Mr. Sheldon looked up from his newspaper as Valentine came into the room,
and saluted the visitor with a friendly nod.

"Glad to see you, Hawkehurst," he said. "_Semper fidelis_, and that
kind of thing; the very model of devoted lovers. Why, man alive, how
glum you look!"

"I think I have reason to look glum," answered Valentine, gravely; "I
have seen Charlotte."

"Yes? And don't you find her improving?--gradually, of course. That
constitutional languor is not shaken off in a hurry. But surely you think
her improving--brightening--"

"Brightening with the light that never shone on earth or sea. God help
me! I--I--am the merest child, the veriest coward, the--" He made a great
effort, and stifled the sob that had well-nigh broken his voice. "Mr.
Sheldon," he continued quietly, "I believe your stepdaughter is dying."

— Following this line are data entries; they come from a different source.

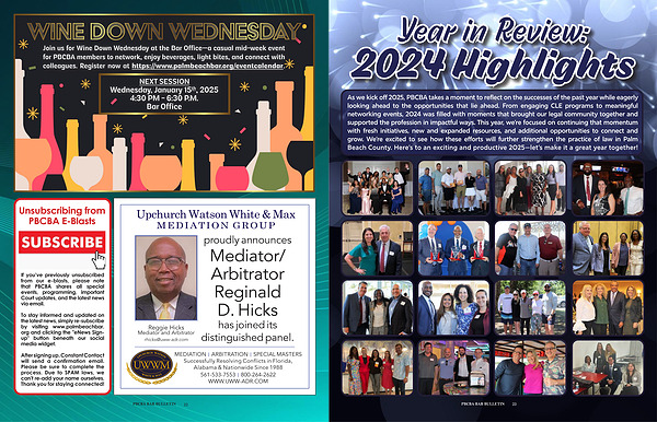 As we kick off 2025 , PBCBA takes a moment to reflect on the successes of the past year while eagerly looking ahead to the opportunities that lie ahead . From engaging CLE programs to meaningful networking events , 2024 was filled with moments that brought our legal community together and supported the profession in impactful ways . This year , we ’ re focused on continuing that momentum with fresh initiatives , new and expanded resources , and additional opportunities to connect and grow . We ’ re excited to see how these efforts will further strengthen the practice of law in Palm Beach County . Here ’ s to an exciting and productive 2025 — let ’ s make it a great year together !
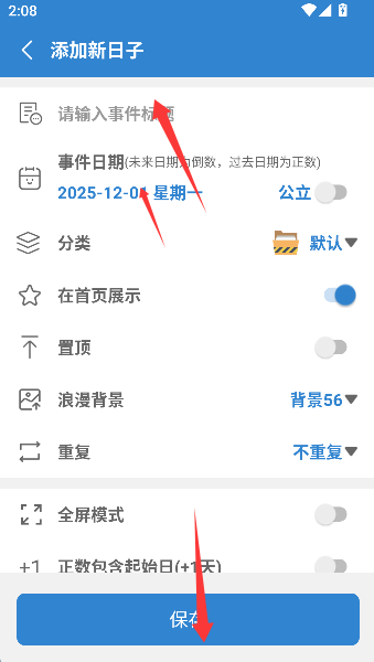 3、最后,为事件起个响亮的名字,像调时钟般滑动选择好日子,潇洒地按下保存键盖章生效。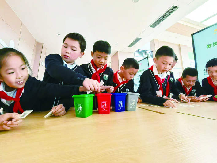 游园闯关活动将现场氛围推向高潮。操场内,“极速分拣”“环保拼图”“种子炸弹DIY”等八个游戏关卡前均排起长队,青少年们手持通关卡片,摩拳擦掌、跃跃欲试。“极速分拣”区,孩子们紧盯垃圾卡片飞速判断,10秒内精准投入对应垃圾桶,欢呼声此起彼伏;“环保拼图”区,大家合力拼接印有分类标识的拼图板块,在协作互动中巩固垃圾分类知识;“种子炸弹DIY”区人气很高,孩子们用废纸、腐殖土和花种子亲手制作可种植的“种子炸弹”,所有完成八项闯关任务的青少年,均领到了定制礼品和“环保小卫士”证书,脸上洋溢着自豪的笑容。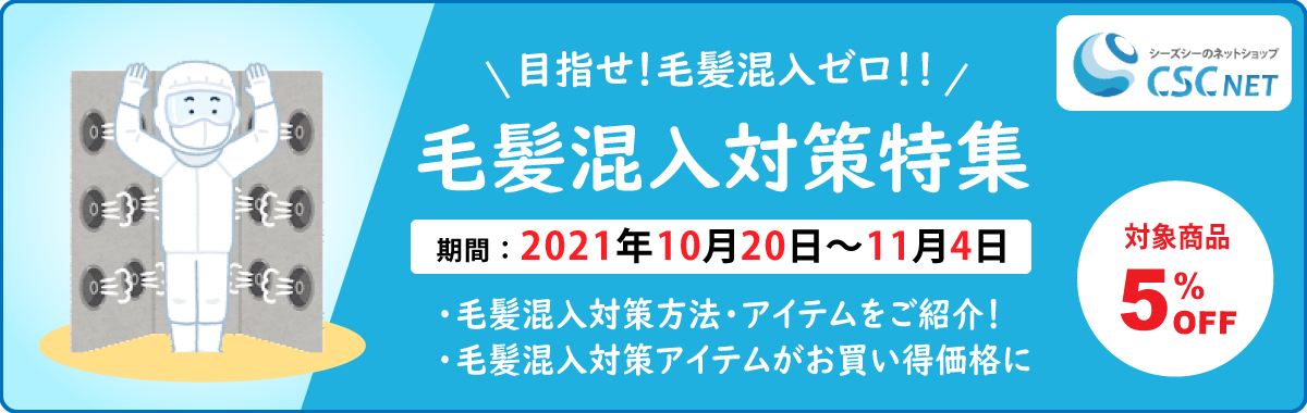 ![]() シーズシーのネットショップCSC NET(シーズシーネット)では、 「目指せ!毛髪混入ゼロ!!毛髪混入対策特集」を開催中です! 毛髪混入にお困りの会員様必見の毛髪アイテムをご紹介しております。 今なら対象商品が5%OFF!! 11/4迄なので、まだチェックしていない人は急いでバナーをクリック! |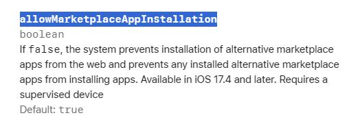 此外,IT 之家还注意到,企业可通过对员工 iPhone 的苹果移动设备管理描述文件进行配置,将 allowMarketplaceAppInstallation 一项设为 false,阻止通过第三方应用市场实现侧载。

"Dying! Good heavens!--my dear Hawkehurst, this alarm is most--most
premature. There is no cause for fear--at present, no cause--I give you
my word as a medical man."

"No cause for alarm at present? That means my darling will not be taken
from me to-night, or to-morrow. I shall have a few days breathing-time.
Yes, I understand. The doom is upon us. I saw the shadow of death upon
her face to-day."

"My dear Hawkehurst--"

"My dear Sheldon, for pity's sake don't treat me as if I were a woman or
a child. Let me know my fate. If--if--this, the worst, most bitter of all
calamities God's hand--raised against me in punishment of past sins,
sinned lightly and recklessly, in the days when my heart had no stake in
the game of destiny--can inflict upon me; if this deadly sorrow is
bearing down upon me, let me meet it like a man. Let me die with my eyes
uncovered. O, my dearest, my fondest, redeeming angel of my ill-spent
life! have you been only a supernal visitant, after all, shining on me
for a little while, to depart when your mission of redemption is
accomplished?"

"Powers above!" thought Mr. Sheldon, "what nonsense these sentimental
magazine-writers can talk!"

He was in nowise melted by the lover's anguish, though it was very real.
Such a grief as this was outside the circle in which his thoughts
revolved. This display of grief was unpleasant to him. It grated
painfully upon his nerves, as some of poor Tom Halliday's little speeches
had done of old, when the honest-hearted Yorkshireman lay on his
deathbed; and the young man's presence and the young man's anxiety were
alike inconvenient.

"Tell me the truth, Mr. Sheldon," Valentine said presently, with
suppressed intensity. "Is there any hope for my darling, any hope?"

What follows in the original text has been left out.